The nature of the remedy sought does not cure the lack of a substantial defendant. To be effective, an injunction would have to run against the directors in their individual capacities to prevent them from adopting the challenged or a similar plan in the future, yet they would not be subject to the court’s jurisdiction. That a decree would bind the corporation’s agents is no help, because the directors are not acting as agents in their management of the corporation, but as fiduciaries, and it is their fiduciary decisions that form the basis of the complaint.
Finally, although appellant claims that no other forum is available, the district court correctly concluded that New York and Delaware courts would have personal jurisdiction over the directors. See N.Y.Civ.Prac.Law § 302(a)(2) (McKinney 1985); Kossoff v. Samsung Co. Ltd., 123 Misc.2d 177, 474 N.Y.S.2d 180 (1984); Merkel Associates, Inc. v. Bellofram Corp., 437 F.Supp. 612 (S.D.N.Y.1977); Arbitron Co. v. E. W. Scripps, Inc., 559 F.Supp. 400 (S.D.N.Y.1983); Del.Code tit. 10 § 3114 (1975).
*574Plaintiff has insisted that his is a derivative action, and we have dealt with it as such. Neither the district court nor we have reached the question whether plaintiff could bring a direct action against the corporation on the basis of the facts alleged.
Accordingly, the order of the district court is Affirmed.
. The Illinois long-arm statute provides in relevant part:
§ 2-209. Act submitting to jurisdiction — Process.

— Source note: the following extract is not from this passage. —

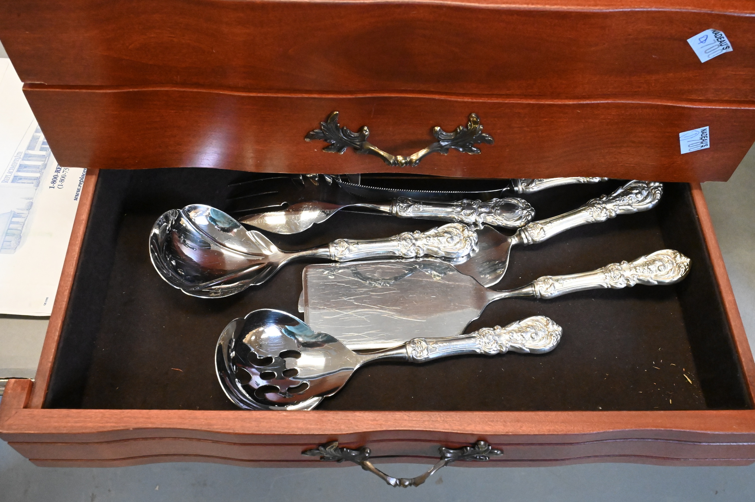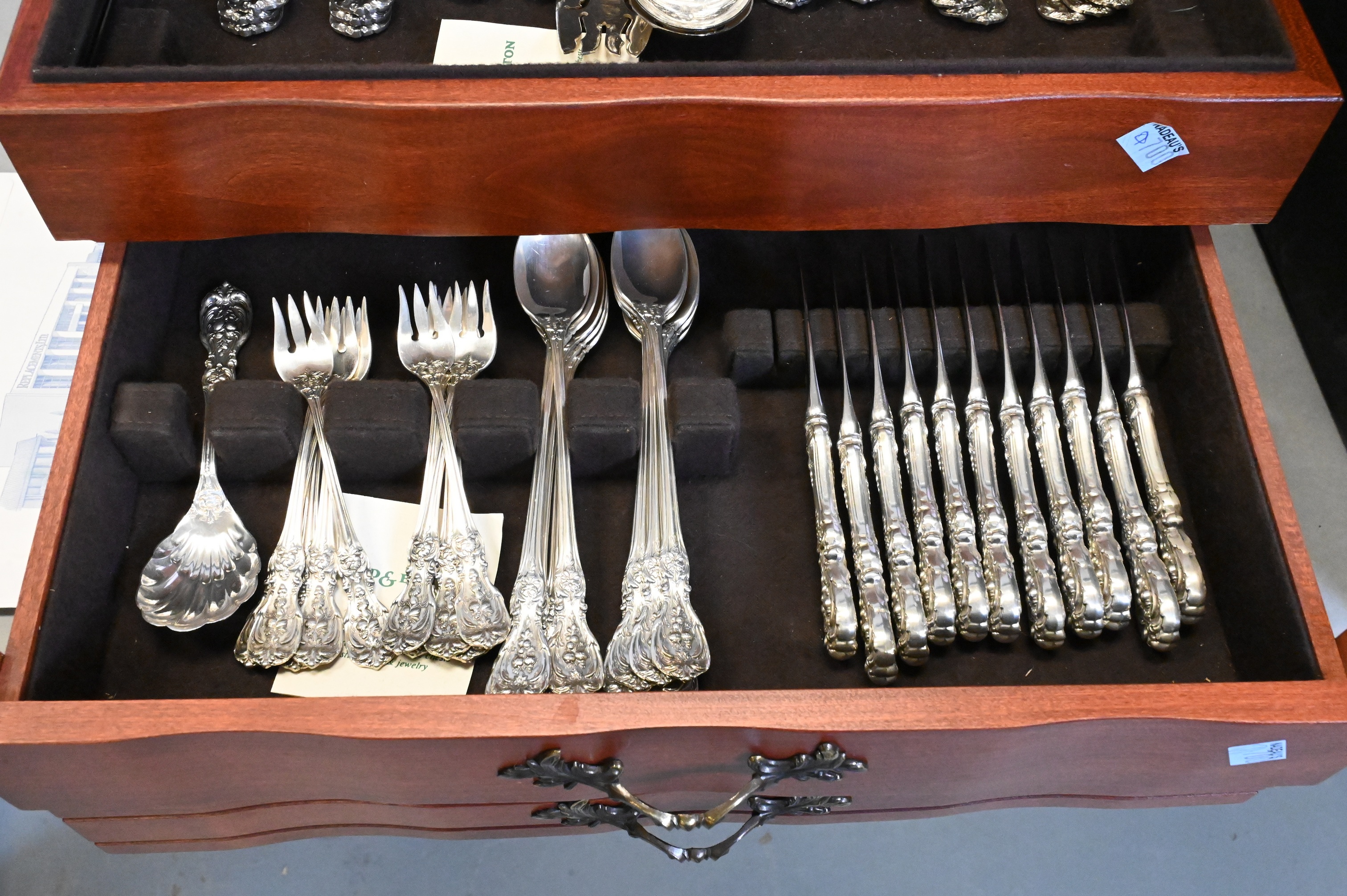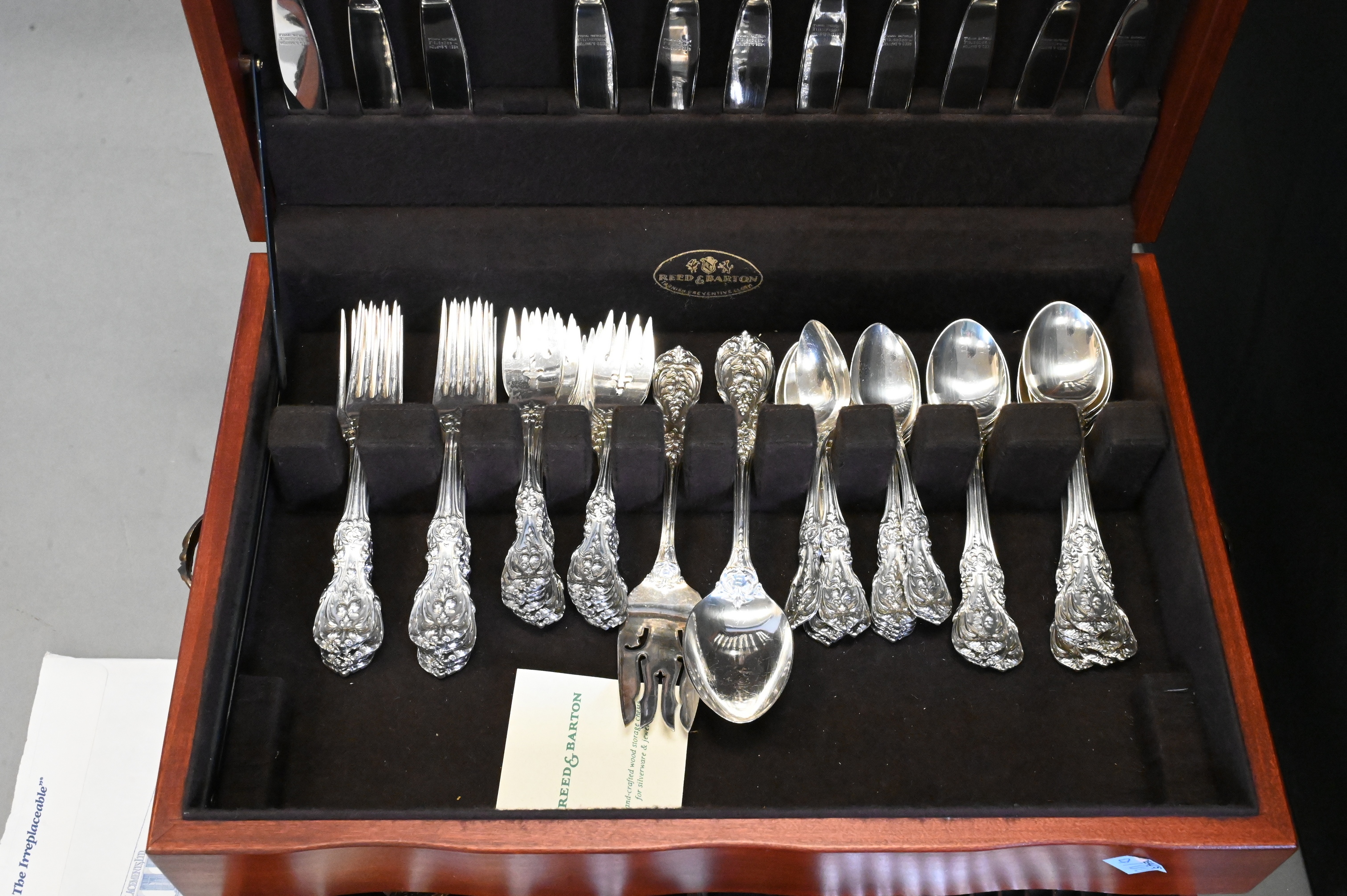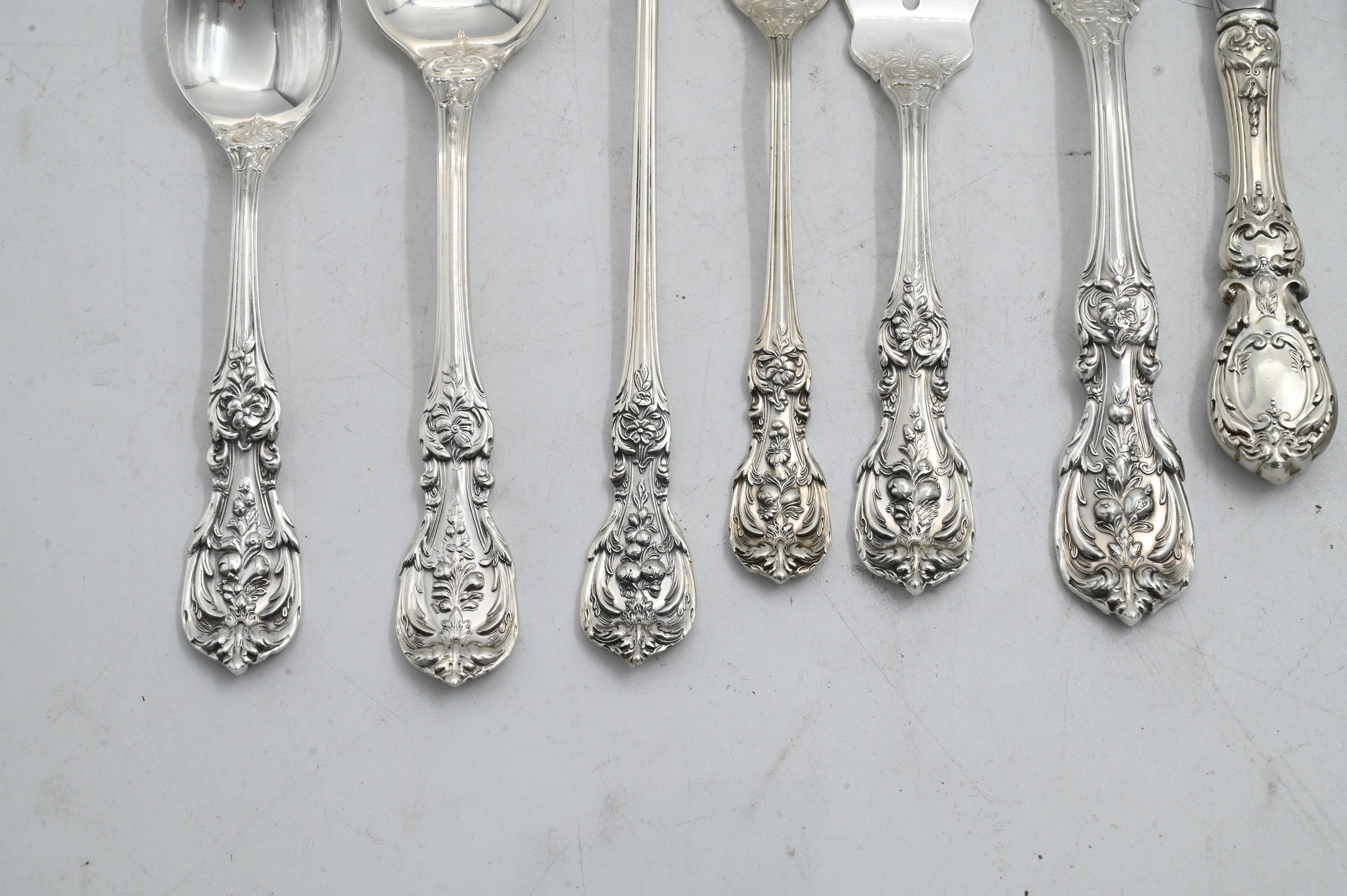 to include 12 luncheon forks, 12 salad forks, 12 cocktail forks, 12 tablespoons, 12 teaspoons, 12 iced tea spoons, 12 knives, 12 butter knives, 13 serving pieces

(a) Any person, whether or not a citizen or resident of this State, who in person or through an agent does any of the acts hereinafter enumerated, thereby submits such persons, and, if an individual, his or her personal representative, to the jurisdiction of the courts of this State as to any cause of action arising from the doing of any of such acts:
(1) The transaction of any business within this state;
(2) The commission of a tortious act within this state;
******
Ill.Rev.Stat., chapter 110.
. Defendants contend that plaintiff may not now rely on § 2-209(a)(2) because he failed to so argue below. While the tortious act provision was not mentioned in his Memorandum in Opposition to the Motion to Dismiss nor during the hearing on the motion, plaintiff heavily relied (as he does before this court) on Lawson v. Baltimore Paint and Chemical Co., 298 F.Supp. 373 (D.Md.1969), which construed one of the Maryland longarm statute’s tortious act provisions. In light of plaintiff’s ambiguous Memorandum, we will address his argument. Although appellant’s brief before this court describes the basis for jurisdiction as the "commission of a tort from without the state,” he cites § 2-209(a)(2) and relies upon Honeywell, Inc. v. Metz Apparatewerke, 509 F.2d 1137 (7th Cir.1975) and Graco, Inc. v. Kremlin, Inc., 558 F.Supp. 188 (N.D.Ill.1982), which construe § 2-209(a)(2).
. Appellant’s reliance on Lawson v. Baltimore Paint & Chemical Corp., 298 F.Supp. 373 (D.Md.1969), is inappropriate. The basis for jurisdiction over the directors was the Maryland long-arm statute, which provides for “tortious injury in this State by an act or omission outside the State if [the defendant] regularly does or solicits business ... or derives substantial revenue from ... services used ... in the State.” Illinois has no such provision.
. That plaintiffs theory is non-statutory is not entirely clear. However, we will treat his position as non-statutory, because if it is premised on § 2-209(a)(1) or (a)(2), we have already discussed our rejection of jurisdiction on those bases.
. Plaintiffs Memorandum in Opposition to the Motion to Dismiss and colloquy between counsel and the court during the hearing on the motion strongly suggest that plaintiff waived the argument that the directors are not indispensable. However, as the defendants have not argued waiver, we will discuss the merits.
. In a letter to this court after oral argument, counsel for appellant reiterated this position.